PRODUCTIVITY, and how to boost it, has prompted much head-scratching in these difficult economic times.

Hugh Aitken, presenting CBI Scotland’s productivity analysis, declares: “Against a backdrop of EU negotiations and new revenue-raising powers for the Scottish Parliament, there has never been a more important time to focus on improving productivity across Scotland.”

Recently, Scotland has enjoyed greater productivity growth than the UK as a whole but there is more to be done.

Educational attainment is one key focus of the report. The CBI declares school-age education is the “biggest long-term driver of economic growth”. And it claims there is a “need to improve performance in our schools”.

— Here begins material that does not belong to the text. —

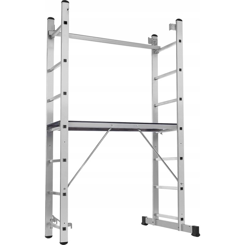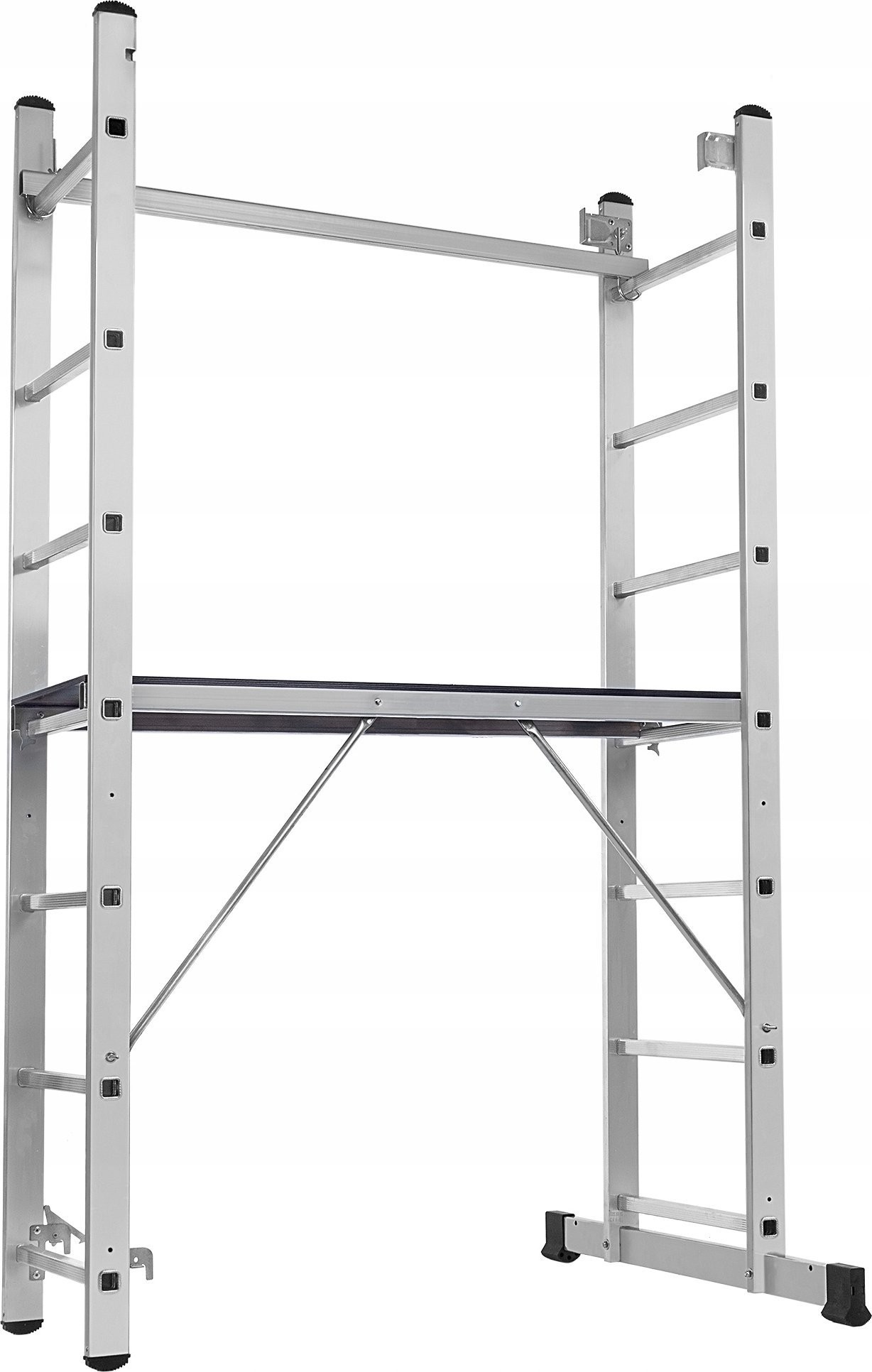Das Aluminiumgerüst KADAX ARD2x7 BASI ist die perfekte Wahl für alle, die vielseitige Ausrüstung für Arbeiten in der Höhe benötigen. Dank seiner durchdachten Konstruktion kann es sowohl als Anlehngerüst als auch als freistehendes Gerüst verwendet werden, was es zu einem äußerst praktischen Werkzeug für jeden Haushalt und Garten macht.

Perhaps more constructively, given its field of expertise, it flags the importance of businesses providing work placements and careers advice and it is here, rather than in classrooms, that businesses can make a difference. There is already a great deal being done in Scotland on this front.

The CBI notes a “link between the proportion of firms offering work experience placements and productivity in a local area”.

It meanwhile calculates that there is potential to make annual Scottish economic output £25 billion greater than it would be otherwise by 2024 by improving productivity, while flagging the challenges in realising such a dream.

The CBI cites the gap between the £24.50 of gross value added (GVA) economic output per hour worked in the Shetland Islands in 2014 and the £36.36 for Aberdeen City and Aberdeenshire. Edinburgh City recorded £34.39 of GVA per hour, with Glasgow City on £28.68. But, as the CBI notes, cities have big advantages when it comes to productivity. Shetland faces big challenges, including geography and weather.

Mr Aitken is right to flag the importance to Scotland of maximising productivity and growth to boost its public finances. The problem is that there are no easy answers.